## ACTION ITEM
Print a faithful copy of the data below, word for word, with the pictures left out.

## STORED DATA
——————
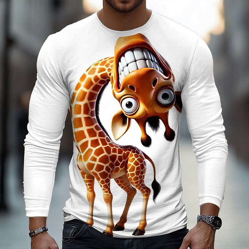 Men's Animal Giraffe Funny T Shirt Long Sleeve T shirt 3D Print Crew Neck Shirt Fashion Basic Casual Daily Street White Brown Khaki Summer Spring Clothing Apparel S M L XL XXL XXXL
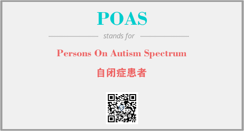 上述内容是“Persons On Autism Spectrum”作为“POAS”的缩写,解释为“自闭症患者”时的信息,以及英文缩略词POAS所代表的英文单词,其对应的中文拼音、详细解释以及在英文中的流行度和相关分类、应用领域及应用示例等。
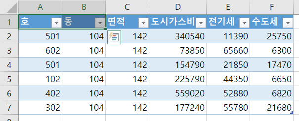 기본적으로 파일을 그대로 가져오면 동, 호 순서로 작성되어 있기 때문에 그대로 사용하면 됩니다.
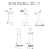 Bioidentical Collagen Serum is available in a 1oz airless glass bottle and includes a full refill cartridge. This internal cartridge can easily be removed and replaced with a new, full cartridge once the original cartridge is emptied. Additional cartridges are available for purchase independently from the bottle, but the refill is not usable without the bottle.
——————
## TASK ANSWER
 Men's Animal Giraffe Funny T Shirt Long Sleeve T shirt 3D Print Crew Neck Shirt Fashion Basic Casual Daily Street White Brown Khaki Summer Spring Clothing Apparel S M L XL XXL XXXL
 上述内容是“Persons On Autism Spectrum”作为“POAS”的缩写,解释为“自闭症患者”时的信息,以及英文缩略词POAS所代表的英文单词,其对应的中文拼音、详细解释以及在英文中的流行度和相关分类、应用领域及应用示例等。
 기본적으로 파일을 그대로 가져오면 동, 호 순서로 작성되어 있기 때문에 그대로 사용하면 됩니다.
 Bioidentical Collagen Serum is available in a 1oz airless glass bottle and includes a full refill cartridge. This internal cartridge can easily be removed and replaced with a new, full cartridge once the original cartridge is emptied. Additional cartridges are available for purchase independently from the bottle, but the refill is not usable without the bottle.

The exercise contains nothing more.